● Supplied information
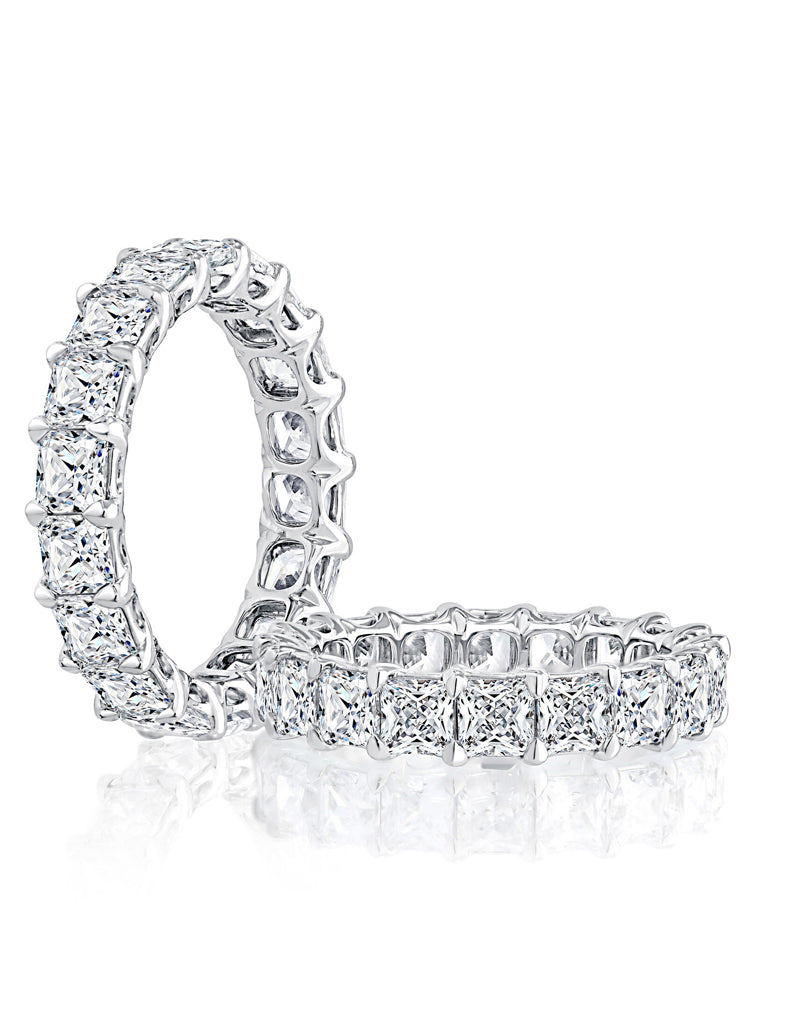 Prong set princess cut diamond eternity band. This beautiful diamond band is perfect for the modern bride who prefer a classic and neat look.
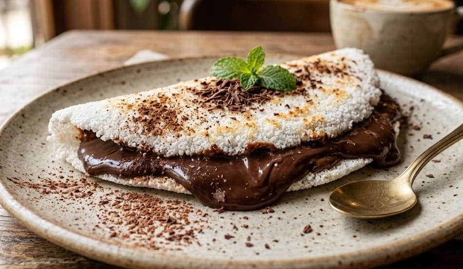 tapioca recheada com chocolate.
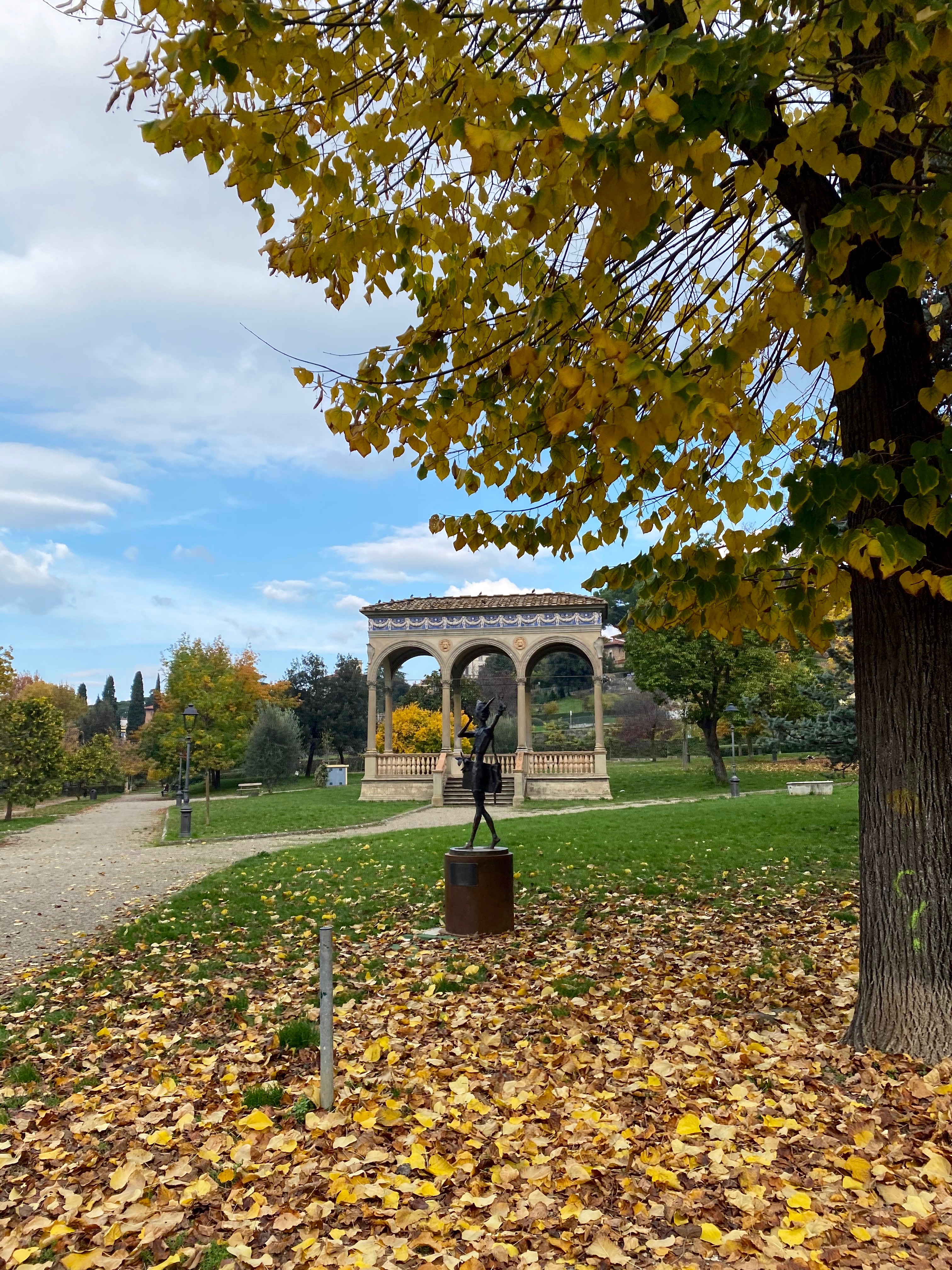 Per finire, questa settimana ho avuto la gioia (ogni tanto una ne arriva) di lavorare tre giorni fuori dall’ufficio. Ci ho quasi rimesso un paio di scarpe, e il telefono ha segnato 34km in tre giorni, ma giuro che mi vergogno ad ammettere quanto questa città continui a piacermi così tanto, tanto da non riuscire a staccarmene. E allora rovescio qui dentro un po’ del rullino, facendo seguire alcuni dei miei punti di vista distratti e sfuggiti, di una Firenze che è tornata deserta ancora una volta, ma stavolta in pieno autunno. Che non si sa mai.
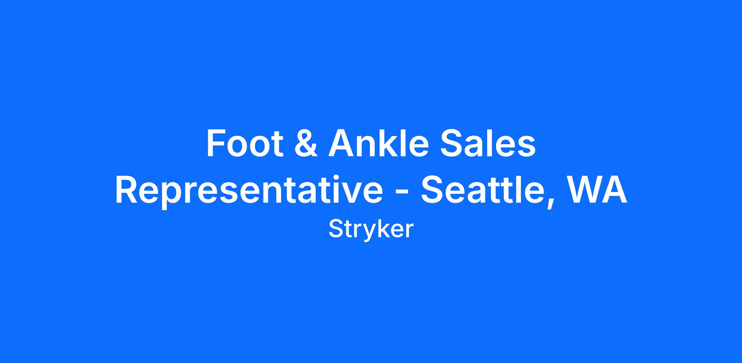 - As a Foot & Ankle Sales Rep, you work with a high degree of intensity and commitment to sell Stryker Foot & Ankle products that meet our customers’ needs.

● Task brief
Leaving out only the pictures, reproduce the listing exactly.

● Reply to the task
 Prong set princess cut diamond eternity band. This beautiful diamond band is perfect for the modern bride who prefer a classic and neat look.
 tapioca recheada com chocolate.
 Per finire, questa settimana ho avuto la gioia (ogni tanto una ne arriva) di lavorare tre giorni fuori dall’ufficio. Ci ho quasi rimesso un paio di scarpe, e il telefono ha segnato 34km in tre giorni, ma giuro che mi vergogno ad ammettere quanto questa città continui a piacermi così tanto, tanto da non riuscire a staccarmene. E allora rovescio qui dentro un po’ del rullino, facendo seguire alcuni dei miei punti di vista distratti e sfuggiti, di una Firenze che è tornata deserta ancora una volta, ma stavolta in pieno autunno. Che non si sa mai.
 - As a Foot & Ankle Sales Rep, you work with a high degree of intensity and commitment to sell Stryker Foot & Ankle products that meet our customers’ needs.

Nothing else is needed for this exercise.